WHAT THE TASK ASKS
Print every line from the start of the data, and when you reach the line with "他說示威隊伍約1000人,后", include it and stop. Pictures are not part of the copy.

RECORDS FOR THE TASK
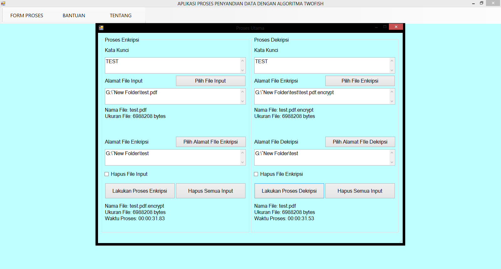 | Fungsi utama dari aplikasi ini adalah untuk melakukan enkripsi terhadap berbagai macam tipe file sehingga isi filenya tidak dapat dibaca lagi kecuali pengguna yang mengetahui kata kunci untuk mendekripsi file tersebut. Jenis tipe file yang diujicoba adalah tipe dokumen teks (.txt), Microsoft Word (.doc/.docx), Microsoft Excel (.xls,.xlsx), Microsoft Powerpoint (.ppt,.pptx), dan PDF (.pdf) Metode yang digunakan adalah metode Twofish. Tutorial metode ini dapat dilihat pada link diatas. | |
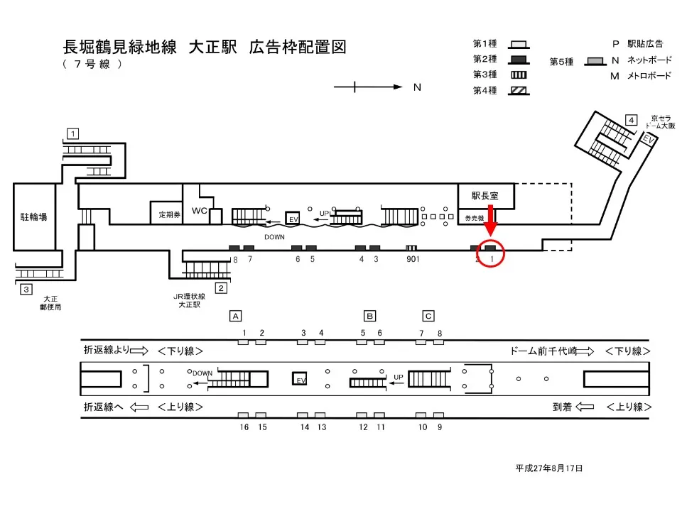 【看板】Osaka Metro大正駅 ホーム No.1-16
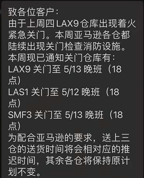 另外,小编接到的最新消息,由于上周四美国亚马逊LAX9仓库出现着火紧急关门。本周亚马逊隔仓开始陆续出现关门检查消防设施的动作。
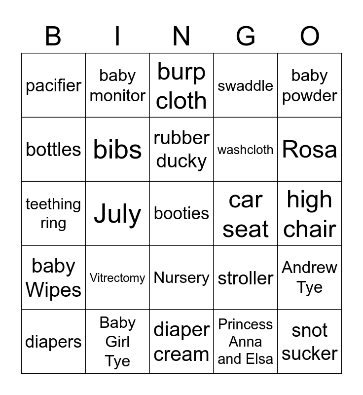 This bingo card has 25 words: Vitrectomy, diaper cream, rubber ducky, diapers, baby powder, pacifier, bottles, baby monitor, car seat, Nursery, washcloth, teething ring, stroller, Andrew Tye, bibs, snot sucker, high chair, burp cloth, Rosa, July, booties, Baby Girl Tye, baby Wipes, swaddle and Princess Anna and Elsa.
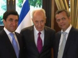Миллиардеры-уроженцы Азербайджана Год Нисанов и Зорах Илиев встретились с президентом Израиля Шимоном Пересом.
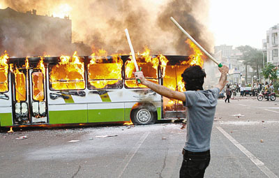 他說示威隊伍約1000人,后來大批駕駛電單車的軍警人員逼近,毆打他們,人群四散躲避之際,民兵卻帶著棍棒在小巷里埋伏。示威者霎時間無路可退,幸得巷里人家開門營救。當示威者遠離警察和民兵后,便高呼“伊朗已變成巴勒斯坦”等口號,駛經(jīng)的汽車都響號,公共汽車乘客揮手支持。
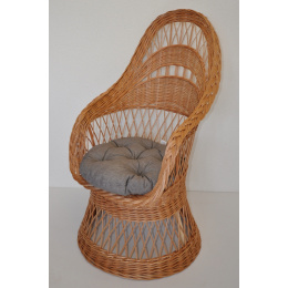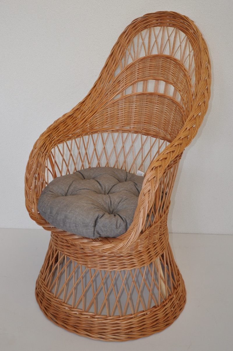 Kreslo Elizabeth z prírodného vŕbového prútia. ..... | Konštrukcia kresla Elizabeth je vyrobená zo silných vŕbových prútov, výplet je z vŕbových prútov. Rozmery stoličky sú 59x70x110 cm. Výška sedadla stoličky je 42 cm. Nosnosť stoličky je 110 kg. Vankúš na stoličku je vyrobený v Českej republike. Vankúš je vyrobený z kvalitnej tkaniny a vyznačuje sa vysokou kvalitou spracovania. Vankúše pre nás vyrába spoločnosť AXIN Cuschions s.r.o., ktorá zamestnáva výlučne miestne vyškolené krajčírky z Českej republiky. Týmto spôsobom sa snažíme podporovať výrobu a zamestnanosť v našej krajine. .....
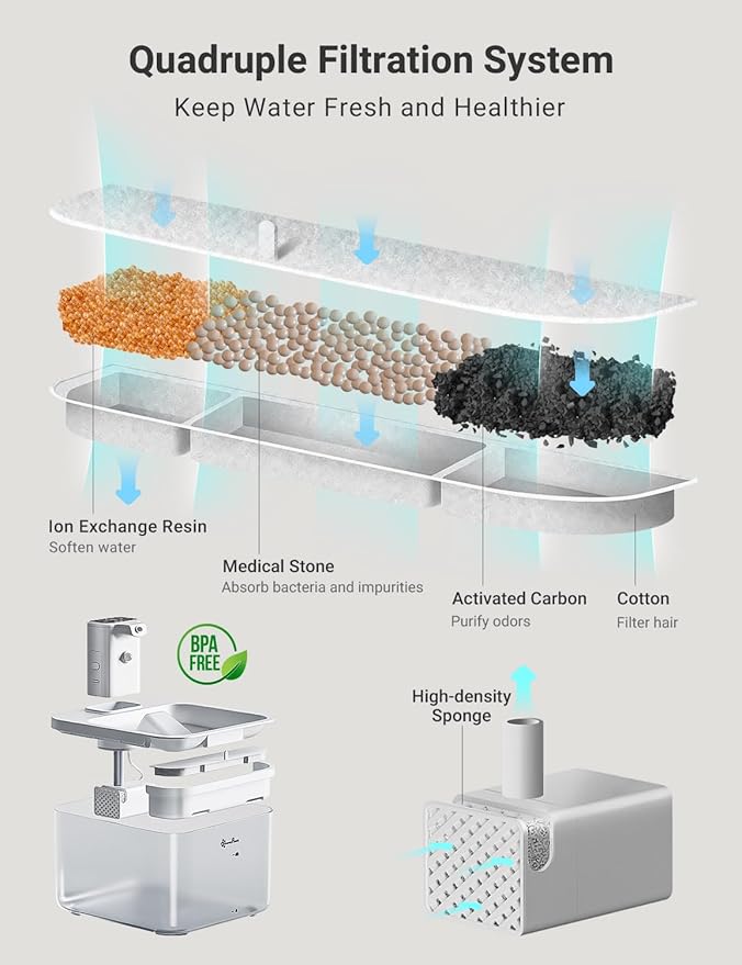 - Enjoy Every Sip of Fresh Water - The 5-level filtration system continuously provides fresh and healthy water to your pets. 1.Activated carbon removes bad taste and odor 2.Ion exchange resin could soften the tap water 3.Medical stone removes heavy metals and releases trace elements 4.Non-woven fabric could filter hair and impurities 5.The high-density sponge of pump helps remove fine particles
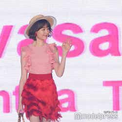 「サマンサタバサ」ステージに登場したトリンドルは、赤のギンガムチェックブラウス×ミニ丈フェザースカート、カンカン帽を被ったお嬢様風ガーリースタイルを着こなし。
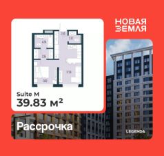 Продается 1-комн. квартира с предчистовой отделкой в ЖК "Новая Земля" на 2 этаже. Общая площадь: 39.83 кв.м., жилая: 9.82 кв.м., площадь просторной кухни-столовой: 17.35 кв.м. Все окна выходят на одну сторону. В квартире один совмещенный санузел. Высота потолков 2.85 м.
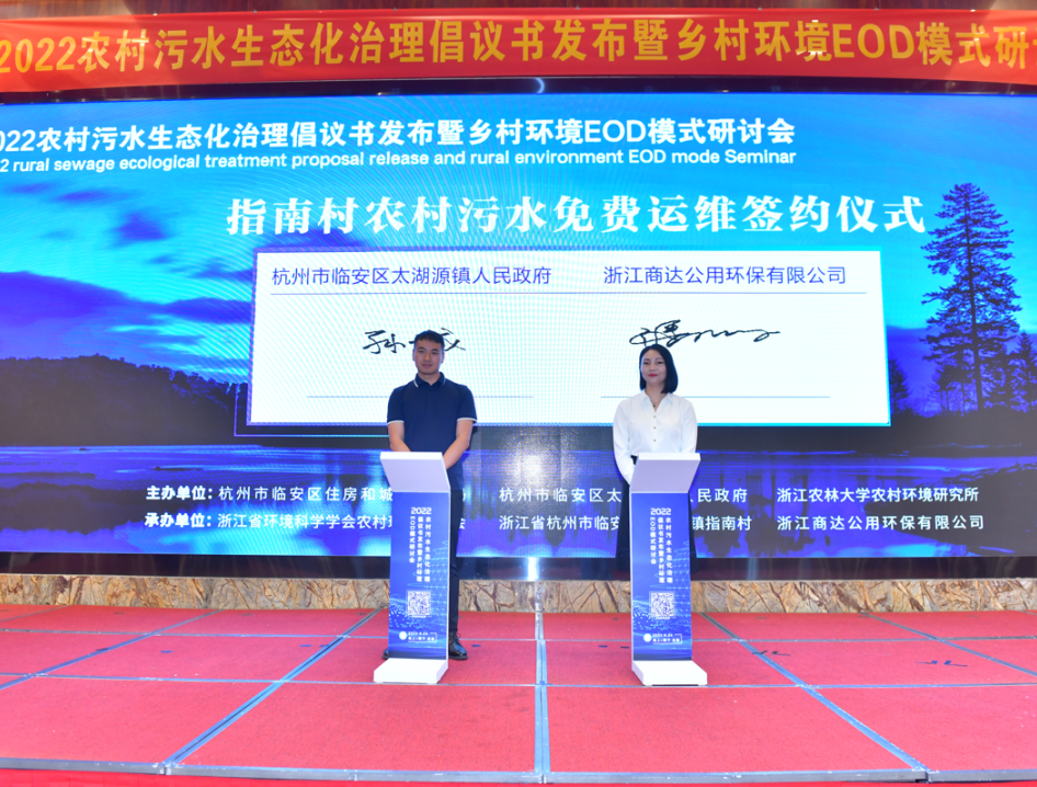 2022年,商達(dá)公用承辦2022農(nóng)村污水生態(tài)化治理倡議書發(fā)布暨鄉(xiāng)村環(huán)境EOD模式研討會,旨在為更好地推動農(nóng)村污水生態(tài)化治理,緩解資金瓶頸,助力鄉(xiāng)村振興與碳中和國家戰(zhàn)略,建設(shè)共同富裕示范區(qū)。
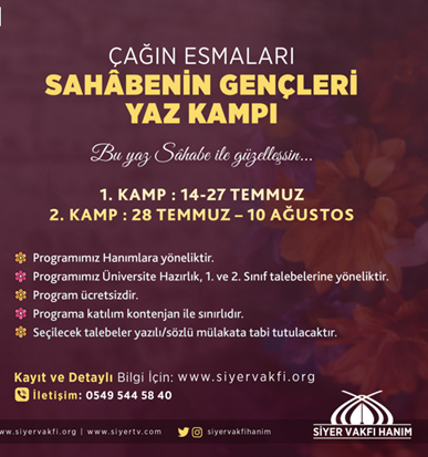 2. Türkiye’de Hizbullah adıyla faaliyet yürüten islamcı terör örgütüyle bağlantılı Siyer Vakfı, 9, 10, 11 ve 12. sınıf kız öğrenciler için “Tamir’Hane’ Lise 2025 Yaz Kampı” düzenlediğini duyurdu. Yatılı kampın 29 Haziran – 13 Temmuz tarihleri arasında İstanbul’da düzenleneceği belirtildi. (8 Haziran)
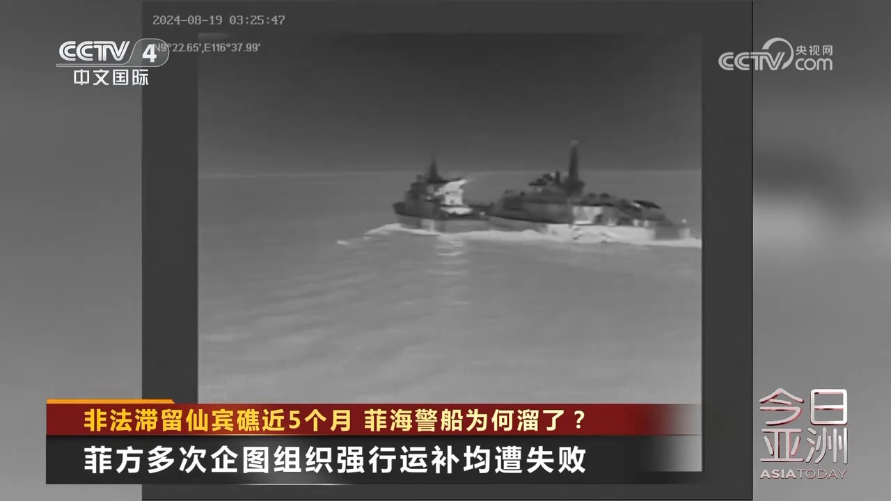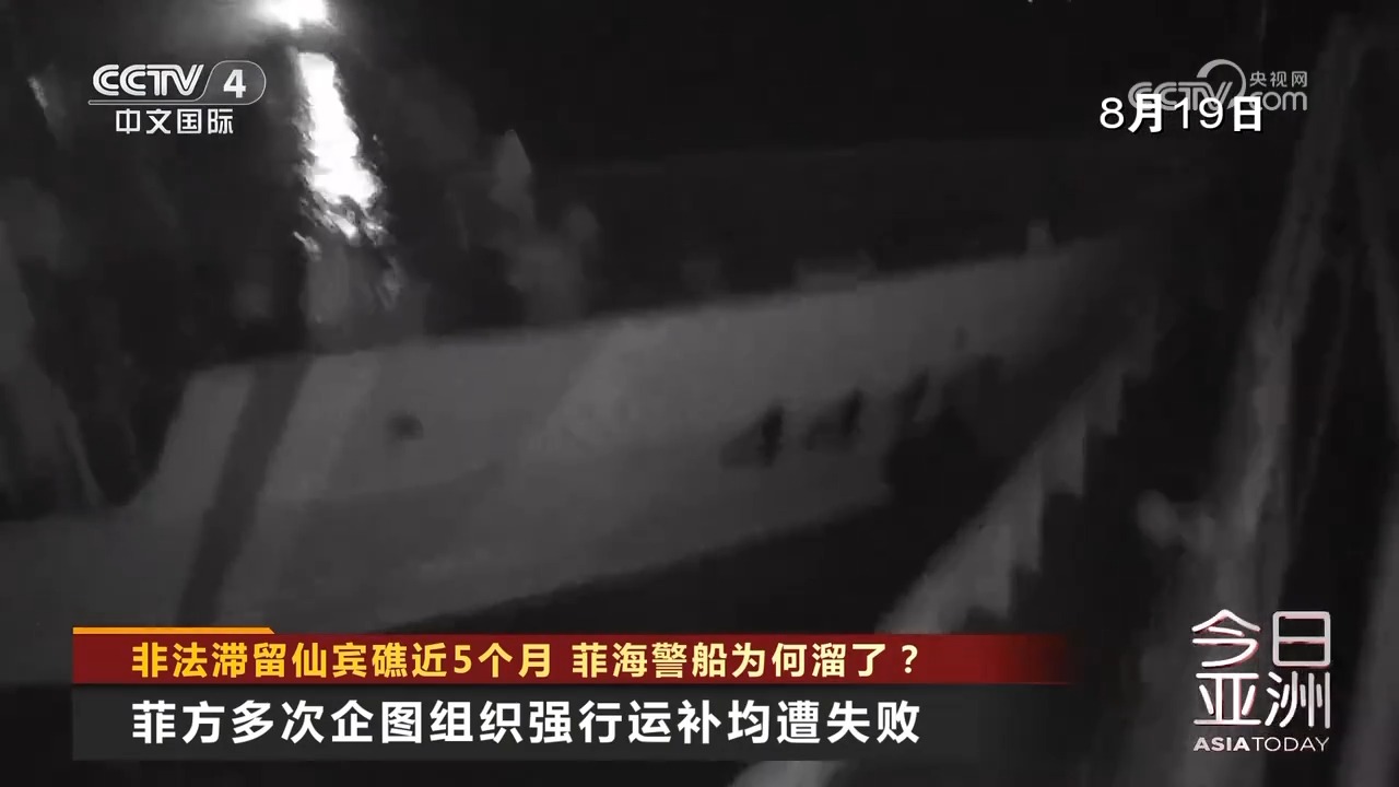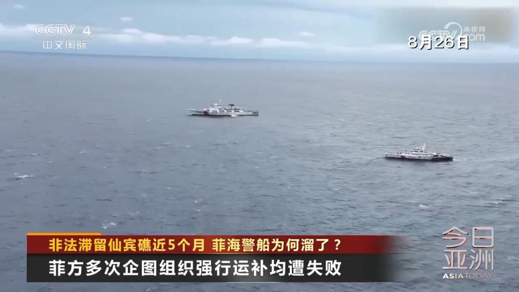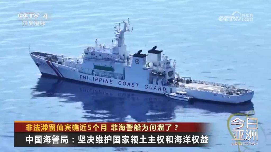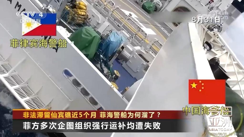 8月31日,菲律宾非法滞留中国仙宾礁的海警9701号船起锚,位仙宾礁潟湖内持续机动、寻衅肇事,并以不专业、危险方式故意冲撞中方正常维权执法的5205舰左舷,导致发生擦碰。

OUTPUT OF THE EXERCISE
 | Fungsi utama dari aplikasi ini adalah untuk melakukan enkripsi terhadap berbagai macam tipe file sehingga isi filenya tidak dapat dibaca lagi kecuali pengguna yang mengetahui kata kunci untuk mendekripsi file tersebut. Jenis tipe file yang diujicoba adalah tipe dokumen teks (.txt), Microsoft Word (.doc/.docx), Microsoft Excel (.xls,.xlsx), Microsoft Powerpoint (.ppt,.pptx), dan PDF (.pdf) Metode yang digunakan adalah metode Twofish. Tutorial metode ini dapat dilihat pada link diatas. | |
 【看板】Osaka Metro大正駅 ホーム No.1-16
 另外,小编接到的最新消息,由于上周四美国亚马逊LAX9仓库出现着火紧急关门。本周亚马逊隔仓开始陆续出现关门检查消防设施的动作。
 This bingo card has 25 words: Vitrectomy, diaper cream, rubber ducky, diapers, baby powder, pacifier, bottles, baby monitor, car seat, Nursery, washcloth, teething ring, stroller, Andrew Tye, bibs, snot sucker, high chair, burp cloth, Rosa, July, booties, Baby Girl Tye, baby Wipes, swaddle and Princess Anna and Elsa.
Миллиардеры-уроженцы Азербайджана Год Нисанов и Зорах Илиев встретились с президентом Израиля Шимоном Пересом.
 他說示威隊伍約1000人,后來大批駕駛電單車的軍警人員逼近,毆打他們,人群四散躲避之際,民兵卻帶著棍棒在小巷里埋伏。示威者霎時間無路可退,幸得巷里人家開門營救。當示威者遠離警察和民兵后,便高呼“伊朗已變成巴勒斯坦”等口號,駛經(jīng)的汽車都響號,公共汽車乘客揮手支持。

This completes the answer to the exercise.